¿Qué es el buttermilk?

Tal vez tratando de hacer alguna receta, sobretodo de origen norte americano, habrás encontrado que entre sus ingredientes aparece el buttermilk.

Originalmente el buttermilk es el líquido que queda tras preparar la mantequilla según el método tradicional, es decir, batiendo la nata de la leche. Se parece a la leche desnatada pero su sabor más amargo. El buttermilk que podemos encontrar en el mercado es en realidad leche fermentada con bacterias de ácido láctico.

Este suero de leche se utiliza en la preparación de bizcochos porque aporta esponjosidad y suavidad además de mejorar su sabor. Se recomienda usarlo combinado con bicarbonato sódico para neutralizar su acidez.

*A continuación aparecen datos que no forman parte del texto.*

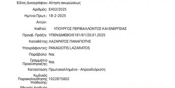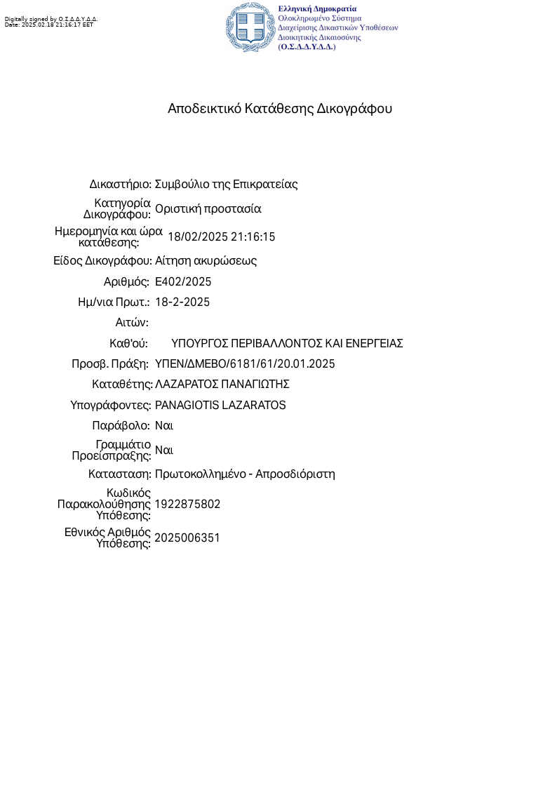 Ήδη από τις 18 Φεβρουαρίου 2025, υποβάλλαμε Αίτηση Ακύρωσης του διαγωνισμού στο Συμβούλιο της Επικρατείας, με αριθμό Ε402/2025 κατά της ΥΠΕΝ/Δ ΜΕΒΟ/6181/61."
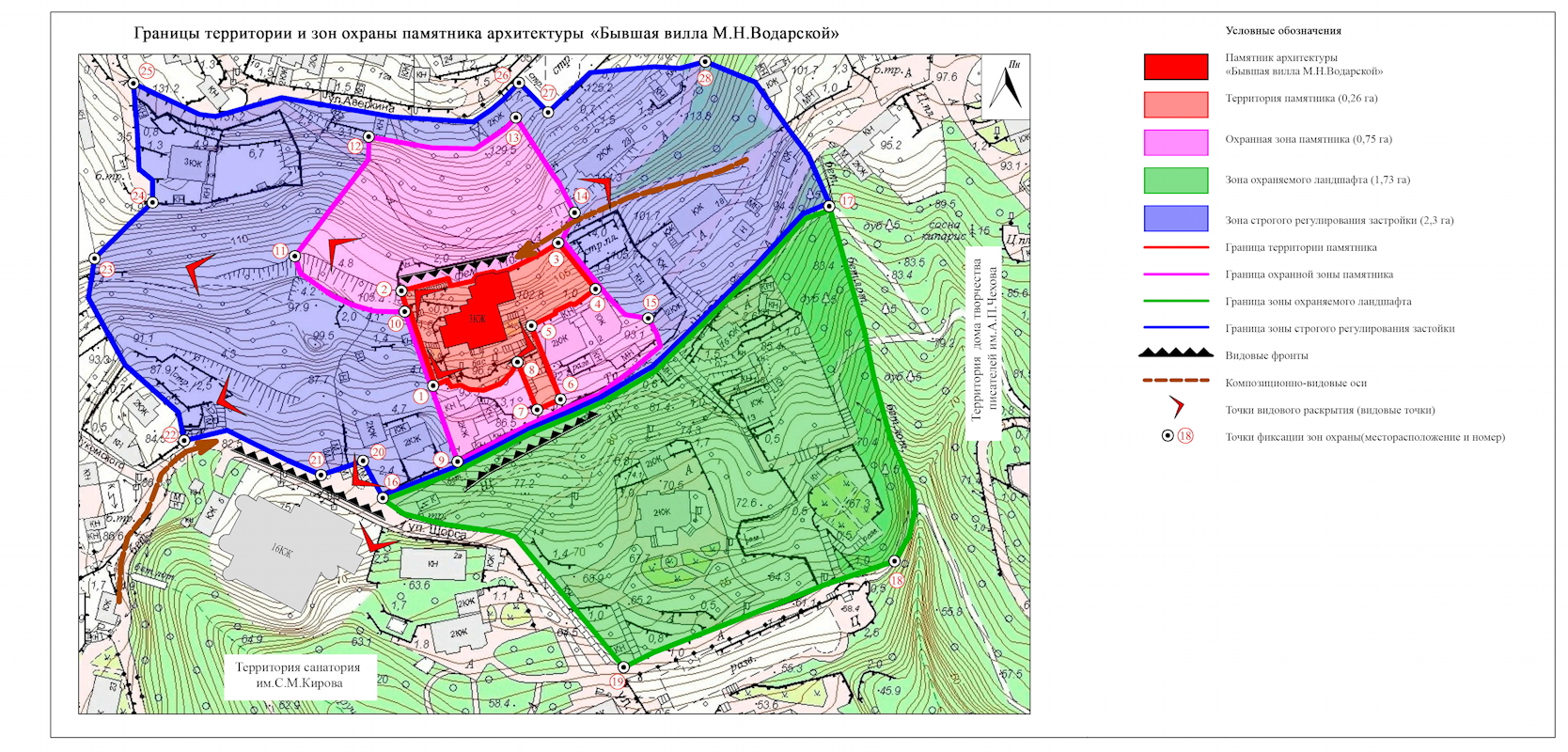 Зона охраны и защитная зона памятника – это 2 из 28 зон с особыми условиями использования территорий (ЗОУИТ). В составе ЗОУИТ присутствует также охранная зона особо охраняемой природной территории объектов, относящихся к памятникам культуры, оценённым по природным критериям. В их числе:

Lo que debes saber sobre este suero de leche

  • Su sabor nos puedes recordar al yogur natural pero son productos distintos por el tipo de fermentación.
  • Su sabor ligeramente amargo es consecuencia de la maduración de la nata.
  • Tiene una textura ligeramente más gruesa que la leche regular pero no tan pesada como la crema.
  • Se conserva mejor que la mayoría de los productos lácteos.
  • También se puede consumir como una bebida fría y refrescante. Es una potente fuente de probióticos y cultivos activos. Se bebía habitualmente ya en la Edad Media, siendo en Gran Bretaña bebida de pastores y lecheras durante cientos de años.

¿Cómo hacer buttermilk en casa?

Solo tienes que mezclar leche (entera, semi o desnatada) con una cucharada de vinagre blanco o de jugo de limón. Después de 10 minutos de reposos nuestros suero de leche o buttermilk estará listo para ser usado. Puedes incluso utilizar leche de origen vegetal.